* [DATASET EXCERPTS]:
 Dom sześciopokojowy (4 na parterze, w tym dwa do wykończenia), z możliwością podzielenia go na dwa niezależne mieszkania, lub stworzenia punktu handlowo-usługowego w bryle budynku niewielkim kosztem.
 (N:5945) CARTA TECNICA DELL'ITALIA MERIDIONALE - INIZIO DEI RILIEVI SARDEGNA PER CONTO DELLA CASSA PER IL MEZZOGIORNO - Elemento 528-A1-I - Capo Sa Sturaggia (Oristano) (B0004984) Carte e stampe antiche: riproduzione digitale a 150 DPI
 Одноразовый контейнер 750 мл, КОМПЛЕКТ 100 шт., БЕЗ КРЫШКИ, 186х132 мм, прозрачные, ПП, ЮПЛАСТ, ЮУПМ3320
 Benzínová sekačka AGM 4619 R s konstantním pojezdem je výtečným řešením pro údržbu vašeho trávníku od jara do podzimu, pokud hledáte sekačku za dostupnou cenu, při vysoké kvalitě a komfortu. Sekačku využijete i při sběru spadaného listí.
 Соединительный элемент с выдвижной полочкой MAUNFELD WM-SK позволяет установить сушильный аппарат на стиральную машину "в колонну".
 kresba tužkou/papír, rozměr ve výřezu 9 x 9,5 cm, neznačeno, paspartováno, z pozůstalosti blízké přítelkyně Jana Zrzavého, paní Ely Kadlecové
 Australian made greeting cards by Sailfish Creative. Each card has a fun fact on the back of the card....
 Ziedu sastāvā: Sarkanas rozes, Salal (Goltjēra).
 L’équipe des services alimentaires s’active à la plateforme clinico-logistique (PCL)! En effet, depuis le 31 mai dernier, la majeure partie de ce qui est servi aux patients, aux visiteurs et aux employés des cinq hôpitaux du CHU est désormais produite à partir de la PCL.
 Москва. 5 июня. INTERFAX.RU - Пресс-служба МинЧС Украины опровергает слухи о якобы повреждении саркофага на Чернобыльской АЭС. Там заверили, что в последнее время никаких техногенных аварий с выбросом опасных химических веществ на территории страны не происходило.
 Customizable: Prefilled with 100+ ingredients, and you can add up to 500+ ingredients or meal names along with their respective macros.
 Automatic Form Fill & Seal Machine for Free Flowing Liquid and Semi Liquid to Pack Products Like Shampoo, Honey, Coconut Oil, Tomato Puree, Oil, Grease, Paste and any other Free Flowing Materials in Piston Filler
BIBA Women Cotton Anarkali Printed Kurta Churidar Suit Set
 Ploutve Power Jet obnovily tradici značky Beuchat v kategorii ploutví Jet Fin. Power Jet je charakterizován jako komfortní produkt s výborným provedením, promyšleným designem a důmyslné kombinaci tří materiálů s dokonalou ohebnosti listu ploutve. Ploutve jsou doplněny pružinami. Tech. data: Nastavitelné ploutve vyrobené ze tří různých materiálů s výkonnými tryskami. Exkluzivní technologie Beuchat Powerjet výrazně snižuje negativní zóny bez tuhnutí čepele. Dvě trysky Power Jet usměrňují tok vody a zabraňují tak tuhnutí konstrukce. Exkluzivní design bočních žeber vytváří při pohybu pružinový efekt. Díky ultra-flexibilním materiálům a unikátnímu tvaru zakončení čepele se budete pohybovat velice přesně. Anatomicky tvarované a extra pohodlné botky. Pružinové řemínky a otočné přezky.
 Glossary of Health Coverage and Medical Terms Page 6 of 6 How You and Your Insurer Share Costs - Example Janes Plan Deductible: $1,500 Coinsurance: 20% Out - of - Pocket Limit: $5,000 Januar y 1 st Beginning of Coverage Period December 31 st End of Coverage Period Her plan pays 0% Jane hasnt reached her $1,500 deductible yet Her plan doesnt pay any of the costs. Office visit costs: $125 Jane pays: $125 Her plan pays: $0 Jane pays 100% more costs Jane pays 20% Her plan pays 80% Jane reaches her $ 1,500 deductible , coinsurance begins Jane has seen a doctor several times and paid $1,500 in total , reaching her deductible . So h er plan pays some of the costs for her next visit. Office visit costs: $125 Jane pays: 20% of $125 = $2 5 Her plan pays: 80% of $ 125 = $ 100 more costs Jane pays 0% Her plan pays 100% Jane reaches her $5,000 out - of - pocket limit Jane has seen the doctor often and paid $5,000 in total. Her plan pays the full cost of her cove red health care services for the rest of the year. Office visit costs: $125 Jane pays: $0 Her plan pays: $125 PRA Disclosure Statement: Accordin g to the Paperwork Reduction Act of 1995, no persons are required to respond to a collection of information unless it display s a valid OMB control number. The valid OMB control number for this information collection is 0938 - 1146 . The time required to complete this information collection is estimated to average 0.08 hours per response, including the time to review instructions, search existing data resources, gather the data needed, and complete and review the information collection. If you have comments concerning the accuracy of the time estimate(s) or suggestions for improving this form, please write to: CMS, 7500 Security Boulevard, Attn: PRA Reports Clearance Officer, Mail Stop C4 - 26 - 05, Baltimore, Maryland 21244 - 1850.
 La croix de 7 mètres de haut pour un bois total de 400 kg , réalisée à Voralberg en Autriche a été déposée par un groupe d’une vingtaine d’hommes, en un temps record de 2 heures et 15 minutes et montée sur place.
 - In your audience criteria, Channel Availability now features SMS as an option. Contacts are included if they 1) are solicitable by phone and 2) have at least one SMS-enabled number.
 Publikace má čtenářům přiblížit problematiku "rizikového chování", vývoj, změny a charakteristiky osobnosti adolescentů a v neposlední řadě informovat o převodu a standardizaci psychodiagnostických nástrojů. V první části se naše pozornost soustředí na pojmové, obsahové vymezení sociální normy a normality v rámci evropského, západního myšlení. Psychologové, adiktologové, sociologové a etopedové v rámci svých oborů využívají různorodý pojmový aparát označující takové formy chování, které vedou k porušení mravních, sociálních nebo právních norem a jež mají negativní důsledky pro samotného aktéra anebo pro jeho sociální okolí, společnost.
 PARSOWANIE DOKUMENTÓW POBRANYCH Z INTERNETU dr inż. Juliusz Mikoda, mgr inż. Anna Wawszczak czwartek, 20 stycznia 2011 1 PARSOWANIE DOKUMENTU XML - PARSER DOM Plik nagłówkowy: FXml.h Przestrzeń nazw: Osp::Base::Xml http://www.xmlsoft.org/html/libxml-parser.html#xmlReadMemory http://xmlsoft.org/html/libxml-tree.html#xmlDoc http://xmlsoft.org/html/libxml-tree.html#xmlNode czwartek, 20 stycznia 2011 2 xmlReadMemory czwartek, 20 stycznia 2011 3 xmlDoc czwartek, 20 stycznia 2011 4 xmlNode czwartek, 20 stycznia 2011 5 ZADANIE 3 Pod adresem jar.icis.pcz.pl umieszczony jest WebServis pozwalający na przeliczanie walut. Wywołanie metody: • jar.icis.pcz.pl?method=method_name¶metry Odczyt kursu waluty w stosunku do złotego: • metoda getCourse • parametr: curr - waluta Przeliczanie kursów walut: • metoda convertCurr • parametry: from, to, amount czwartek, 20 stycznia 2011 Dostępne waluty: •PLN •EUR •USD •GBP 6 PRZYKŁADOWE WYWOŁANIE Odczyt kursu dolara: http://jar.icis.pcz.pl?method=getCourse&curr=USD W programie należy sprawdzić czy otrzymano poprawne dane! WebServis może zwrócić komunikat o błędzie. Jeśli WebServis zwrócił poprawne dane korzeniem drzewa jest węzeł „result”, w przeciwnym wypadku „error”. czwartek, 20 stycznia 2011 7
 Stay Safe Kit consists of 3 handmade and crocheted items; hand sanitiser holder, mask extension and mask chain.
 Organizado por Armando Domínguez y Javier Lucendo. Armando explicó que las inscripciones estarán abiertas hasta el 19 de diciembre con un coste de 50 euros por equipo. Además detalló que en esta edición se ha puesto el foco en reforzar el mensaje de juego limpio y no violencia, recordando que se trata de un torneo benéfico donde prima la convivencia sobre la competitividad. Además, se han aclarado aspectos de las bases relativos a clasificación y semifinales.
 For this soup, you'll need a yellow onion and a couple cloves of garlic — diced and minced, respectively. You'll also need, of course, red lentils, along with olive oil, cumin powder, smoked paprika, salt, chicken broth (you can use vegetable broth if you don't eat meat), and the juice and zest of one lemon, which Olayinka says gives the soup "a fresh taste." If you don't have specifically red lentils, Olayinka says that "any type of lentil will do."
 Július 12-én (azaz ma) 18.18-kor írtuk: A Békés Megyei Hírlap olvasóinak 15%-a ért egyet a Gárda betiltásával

* [WHAT THIS TASK INVOLVES]:
Beginning with the line containing "Australian made greeting" in the material above, copy every line exactly until you have copied the line containing "Ziedu sastāvā: Sarkanas".

* [THE COMPLETED TASK]:
 Australian made greeting cards by Sailfish Creative. Each card has a fun fact on the back of the card....
 Ziedu sastāvā: Sarkanas rozes, Salal (Goltjēra).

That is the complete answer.